WHAT YOU WILL DO =
Please restate the entries verbatim. The copy should hold no pictures.

RECORDS TO USE =

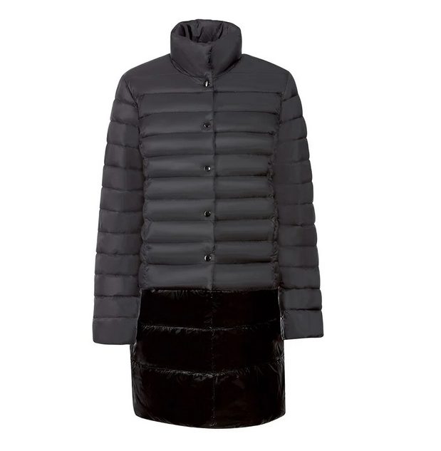 El corte es ligeramente entallado y la parte inferior con acabado de imitación de charol, es desmontable con una cremallera. Cierra con cremallera y botones, y está disponible en negro en tallas desde la XS hasta la L. El precio rebajado es de 15,99€.
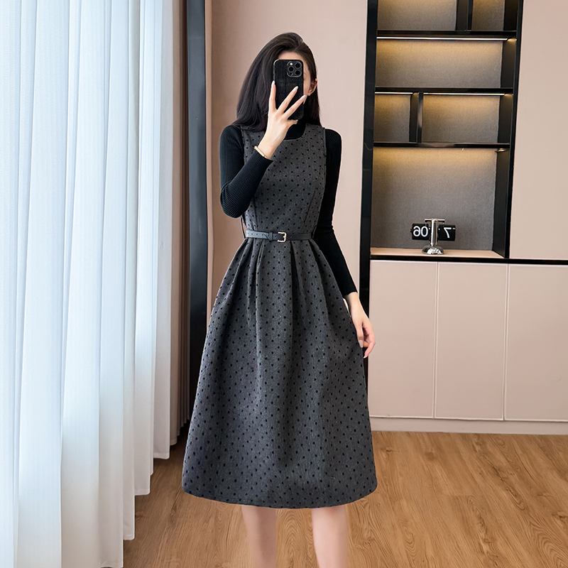 하객룩 추천 라운드 도트 모직 베스트 원피스 투피스 슬림핏 완벽체형
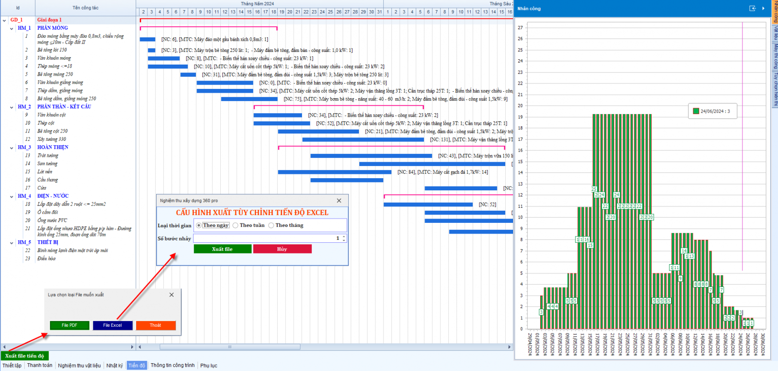 - Tiến độ thi công tự phân tích theo số liệu cài đặt tại bản thiết lập có đủ biểu đồ nhân công, biểu đồ máy, biểu đồ vật liệu.
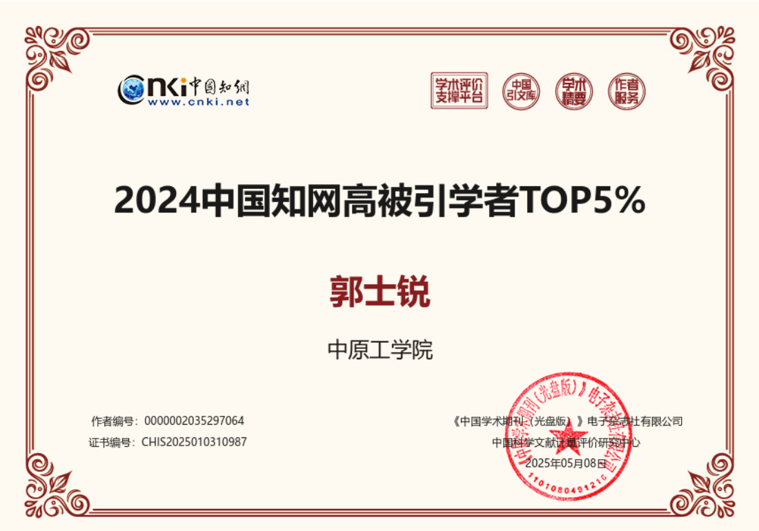 近日,中国知网专业评价机构——“中国知网中国科学文献计量评价研究中心”基于中国知网收录的国内外学术研究成果,首次对学者学术影响力进行客观评估,遴选并预发布了“2024 中国知网高被引学者”名单。yl23411永利集团官网机械设计系教师党支部书记、系主任郭士锐教授入选“2024中国知网高被引学者Top5%”。
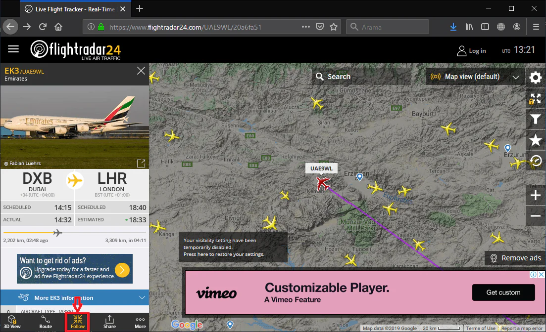 • ‘Follow’ sekmesine (menüsüne) tıklayarak, o uçağın güzergahı üzerindeki yolcuğunu (hareketini) anlık olarak takip edebilirsiniz.
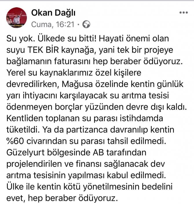 Yerel su kaynaklarımız özel kişilere devredilirken, Mağusa özelinde kentin günlük yarı ihtiyacını karşılayacak su arıtma tesisi ödenmeyen borçlar yüzünden devre dışı kaldı. Kentliden toplanan su parası istihdamda tüketildi. Ya da partizanca davranılıp kentin %60 civarından su parası tahsil edilmedi. Güzelyurt bölgesinde AB tarafından projelendirilen ve finansı sağlanacak dev arıtma tesisinin yapılması kabul edilmedi. Ülke ile kentin kötü yönetilmesinin bedelini evet, hep beraber ödüyoruz.
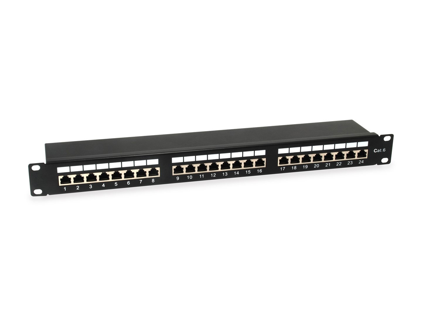 Wyposażenie 19″ Patch Panel 24xRJ45 Cat6 FTP 1U 250MHz RAL7035
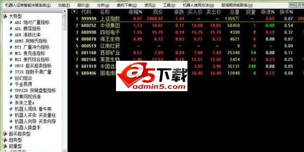 机器人操盘手免费股票行情软件是中国第一款纯粹公益性质的证券智能决策系统(让中国股民少走弯路少被骗)。也是中国第一款能智能辨别牛熊市(抄底和逃 顶),帮助牛市捂股熊市休息或者开空仓的唯一一款股票软件!还是中国第一款风险最小化收益最大化的股票软件!控制风险和抓牛市启动大顶警示是它的强项! 机器人操盘手股票软件,不光有自身的决策系统,同时也收集有众多市场上收费股票软件的系统多达几百种,供技术派研究,但不能作为买卖依据!因为很多有未来 函数或者使劲折腾人买卖,会把人折腾死的,特别是大熊市还不断提示买入,熊市进去就出不来,坑了太多股民的血汗钱。本软件无未来函数!
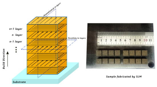 All of the samples were made using an SLM system (Renishaw AM 250, Renishaw, London, UK), which was equipped with a YLR-400 fibre laser that was conducted under Ar gas protection. The focused beam diameter was 70 μm. Samples were produced with a scanning speed (v) of 1200 mm/s, a laser power (P) of 200 W, a hatch spacing of 60 μm (h) (the distance between two adjacent scan vectors), and a layer thickness of 30 μm (t). Figure 2 shows a schematic diagram of the printing process. An alternate-hatching scanning pattern was applied, and the scanning direction rotation was 90° between each layer, as shown in Figure 3. Cube specimens with a size of 10 × 10 × 10 mm were manufactured. This parameter set was determined to obtain high-quality TiC/316Lss products.
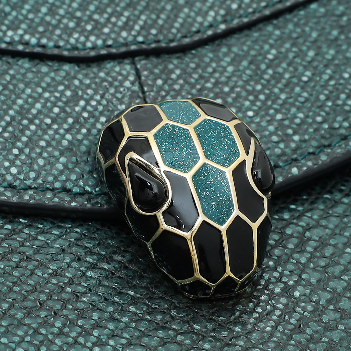 - Material: Green Karung Skin Leather with Black and White Enamel with Black Onyx Eyes
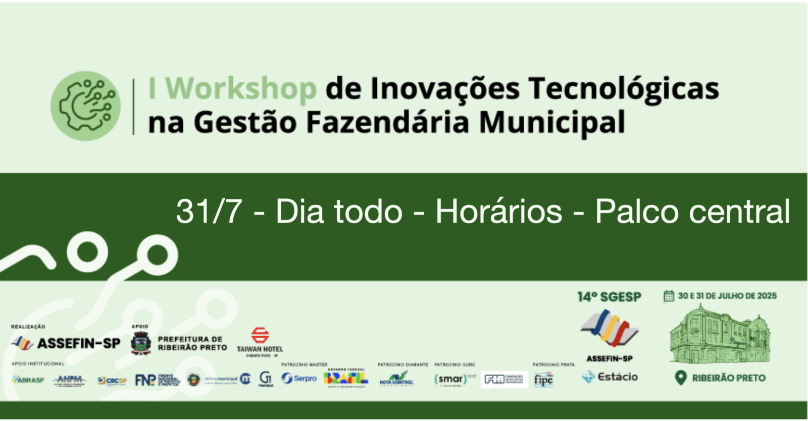 A palestra faz parte do conjunto de atividades do 14.º SGESP voltadas à inovação tecnológica e transformação digitalnos municípios, com foco na modernização das finanças públicas, da fiscalização tributária e dos controles internos.
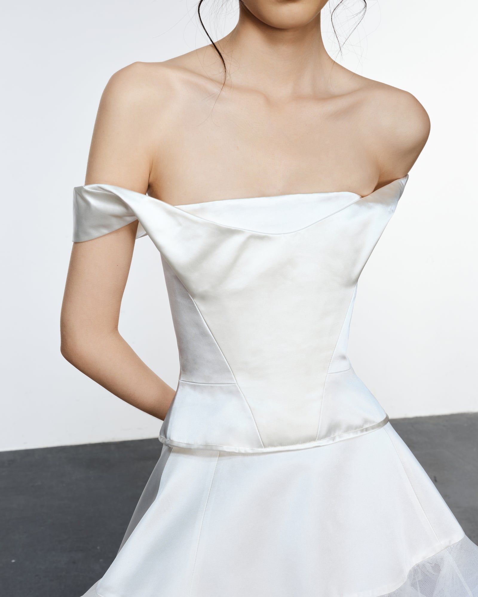 Duchesse satin corset with a dropped waistline and elegant off-shoulder straps.
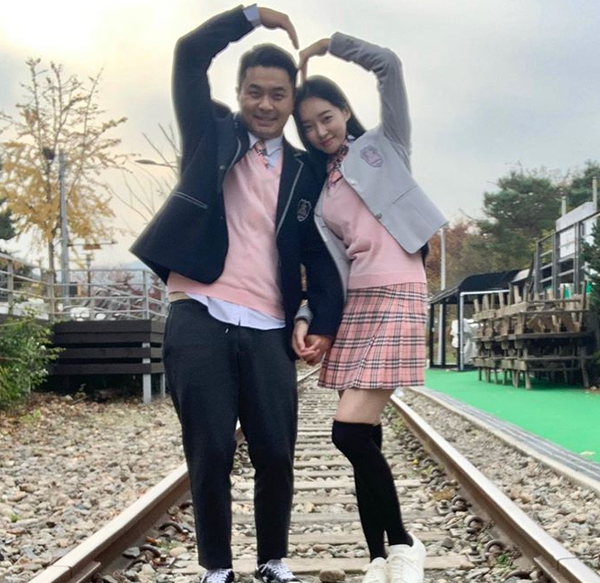 공개된 사진 속 정준은 김유지와 교복을 맞춰 입고 카메라를 응시하고 있다. 두 사람의 풋풋한 비주얼과 함께 손하트로 애정을 과시하며 부러움을 자아냈다.
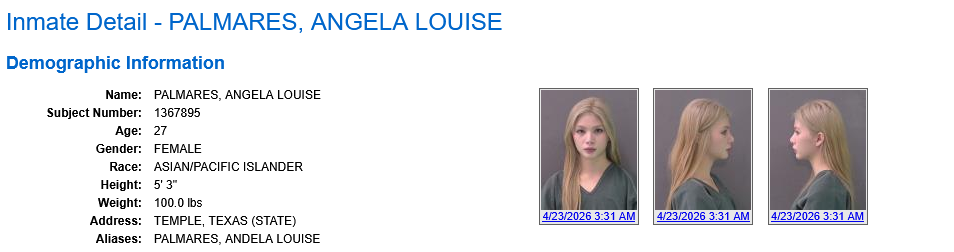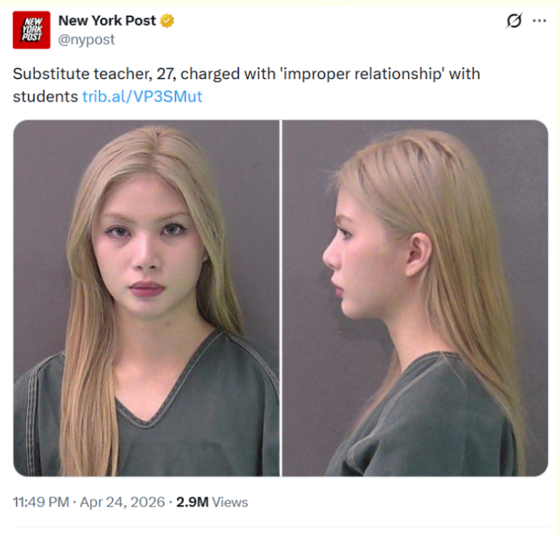 >Angela Palmares, 27, was arrested without incident in Bell County on Wednesday and charged with improper relationship between an educator and student, a second-degree felony. >She is being held on a $150,000 bondhttps://nypost.com/2026/04/24/us-news/substitute-teacher-27-charged-with-improper-relationship-with-students/
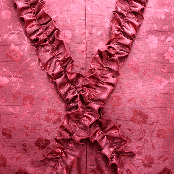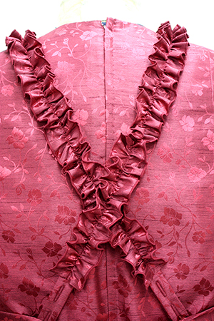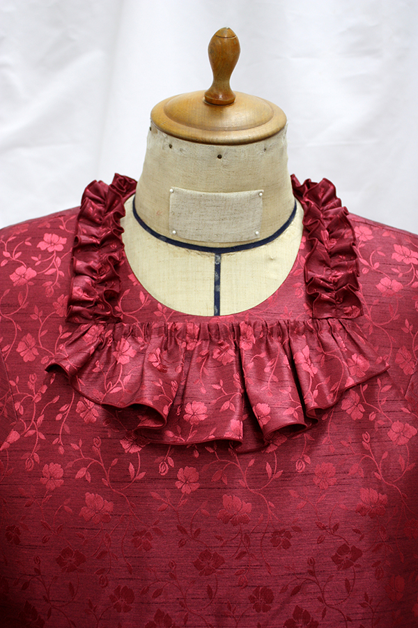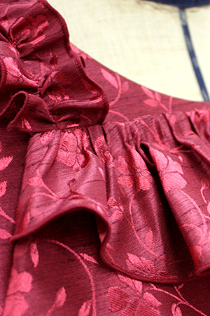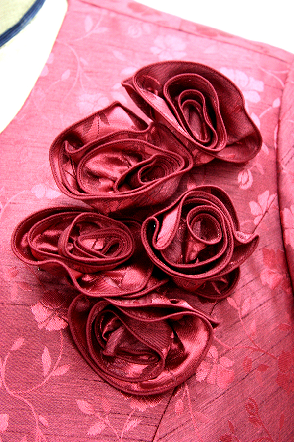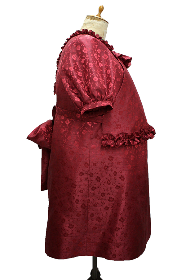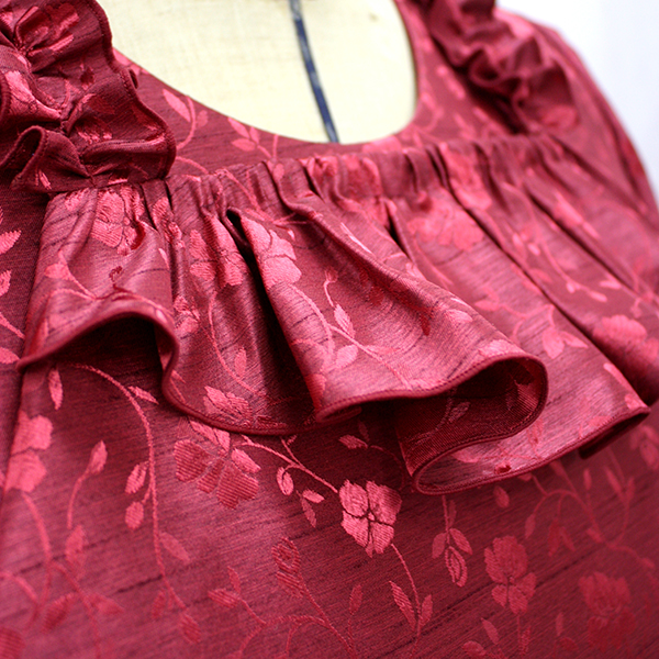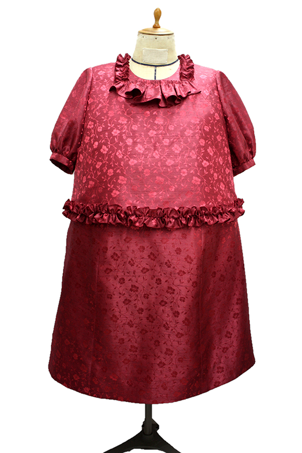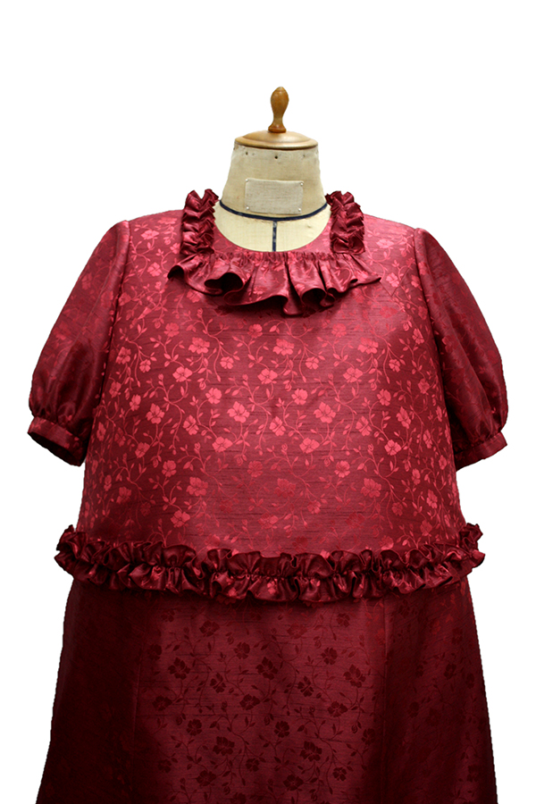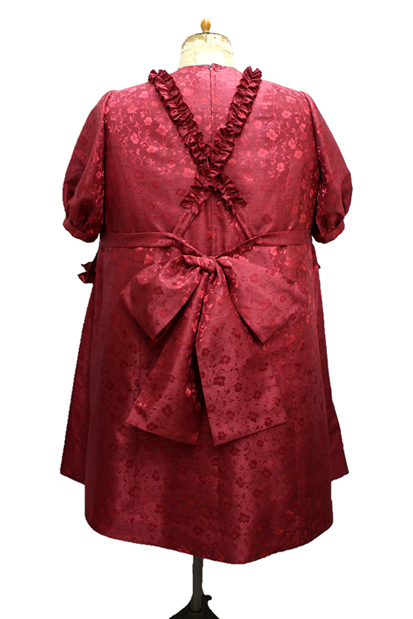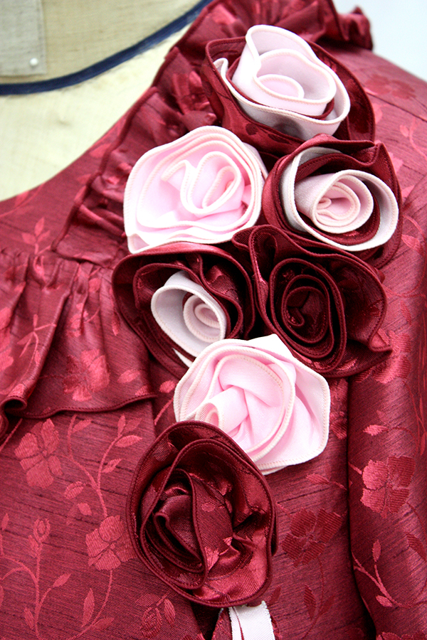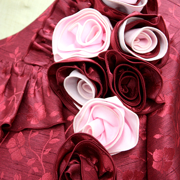 お仮縫いをさせて頂くうちに、お母様のアイデアで、ドレスと同じ生地でフリルをたくさん付けたエプロンをお仕立てすることになりました。こちらのエプロンが本当にお嬢様の雰囲気によくお似合いで、まるでドレスに合わせたジャケットかボレロのように見えて、今のお若いご年齢から、今回はこのエプロンをご着用のまま写真撮影をすることになったので、このドレスの為にお作りした沢山のお花をエプロンやドレスの上につけてお納めさせて頂きました。あまりの可愛さに、お嬢様の目がまん丸になられていたのが印象的でした。

TASK ANSWER =
 El corte es ligeramente entallado y la parte inferior con acabado de imitación de charol, es desmontable con una cremallera. Cierra con cremallera y botones, y está disponible en negro en tallas desde la XS hasta la L. El precio rebajado es de 15,99€.
 하객룩 추천 라운드 도트 모직 베스트 원피스 투피스 슬림핏 완벽체형
 - Tiến độ thi công tự phân tích theo số liệu cài đặt tại bản thiết lập có đủ biểu đồ nhân công, biểu đồ máy, biểu đồ vật liệu.
 近日,中国知网专业评价机构——“中国知网中国科学文献计量评价研究中心”基于中国知网收录的国内外学术研究成果,首次对学者学术影响力进行客观评估,遴选并预发布了“2024 中国知网高被引学者”名单。yl23411永利集团官网机械设计系教师党支部书记、系主任郭士锐教授入选“2024中国知网高被引学者Top5%”。
 • ‘Follow’ sekmesine (menüsüne) tıklayarak, o uçağın güzergahı üzerindeki yolcuğunu (hareketini) anlık olarak takip edebilirsiniz.
 Yerel su kaynaklarımız özel kişilere devredilirken, Mağusa özelinde kentin günlük yarı ihtiyacını karşılayacak su arıtma tesisi ödenmeyen borçlar yüzünden devre dışı kaldı. Kentliden toplanan su parası istihdamda tüketildi. Ya da partizanca davranılıp kentin %60 civarından su parası tahsil edilmedi. Güzelyurt bölgesinde AB tarafından projelendirilen ve finansı sağlanacak dev arıtma tesisinin yapılması kabul edilmedi. Ülke ile kentin kötü yönetilmesinin bedelini evet, hep beraber ödüyoruz.
 Wyposażenie 19″ Patch Panel 24xRJ45 Cat6 FTP 1U 250MHz RAL7035
 机器人操盘手免费股票行情软件是中国第一款纯粹公益性质的证券智能决策系统(让中国股民少走弯路少被骗)。也是中国第一款能智能辨别牛熊市(抄底和逃 顶),帮助牛市捂股熊市休息或者开空仓的唯一一款股票软件!还是中国第一款风险最小化收益最大化的股票软件!控制风险和抓牛市启动大顶警示是它的强项! 机器人操盘手股票软件,不光有自身的决策系统,同时也收集有众多市场上收费股票软件的系统多达几百种,供技术派研究,但不能作为买卖依据!因为很多有未来 函数或者使劲折腾人买卖,会把人折腾死的,特别是大熊市还不断提示买入,熊市进去就出不来,坑了太多股民的血汗钱。本软件无未来函数!
 All of the samples were made using an SLM system (Renishaw AM 250, Renishaw, London, UK), which was equipped with a YLR-400 fibre laser that was conducted under Ar gas protection. The focused beam diameter was 70 μm. Samples were produced with a scanning speed (v) of 1200 mm/s, a laser power (P) of 200 W, a hatch spacing of 60 μm (h) (the distance between two adjacent scan vectors), and a layer thickness of 30 μm (t). Figure 2 shows a schematic diagram of the printing process. An alternate-hatching scanning pattern was applied, and the scanning direction rotation was 90° between each layer, as shown in Figure 3. Cube specimens with a size of 10 × 10 × 10 mm were manufactured. This parameter set was determined to obtain high-quality TiC/316Lss products.
 - Material: Green Karung Skin Leather with Black and White Enamel with Black Onyx Eyes
 A palestra faz parte do conjunto de atividades do 14.º SGESP voltadas à inovação tecnológica e transformação digitalnos municípios, com foco na modernização das finanças públicas, da fiscalização tributária e dos controles internos.
 Duchesse satin corset with a dropped waistline and elegant off-shoulder straps.
 공개된 사진 속 정준은 김유지와 교복을 맞춰 입고 카메라를 응시하고 있다. 두 사람의 풋풋한 비주얼과 함께 손하트로 애정을 과시하며 부러움을 자아냈다.
 >Angela Palmares, 27, was arrested without incident in Bell County on Wednesday and charged with improper relationship between an educator and student, a second-degree felony. >She is being held on a $150,000 bondhttps://nypost.com/2026/04/24/us-news/substitute-teacher-27-charged-with-improper-relationship-with-students/
 お仮縫いをさせて頂くうちに、お母様のアイデアで、ドレスと同じ生地でフリルをたくさん付けたエプロンをお仕立てすることになりました。こちらのエプロンが本当にお嬢様の雰囲気によくお似合いで、まるでドレスに合わせたジャケットかボレロのように見えて、今のお若いご年齢から、今回はこのエプロンをご着用のまま写真撮影をすることになったので、このドレスの為にお作りした沢山のお花をエプロンやドレスの上につけてお納めさせて頂きました。あまりの可愛さに、お嬢様の目がまん丸になられていたのが印象的でした。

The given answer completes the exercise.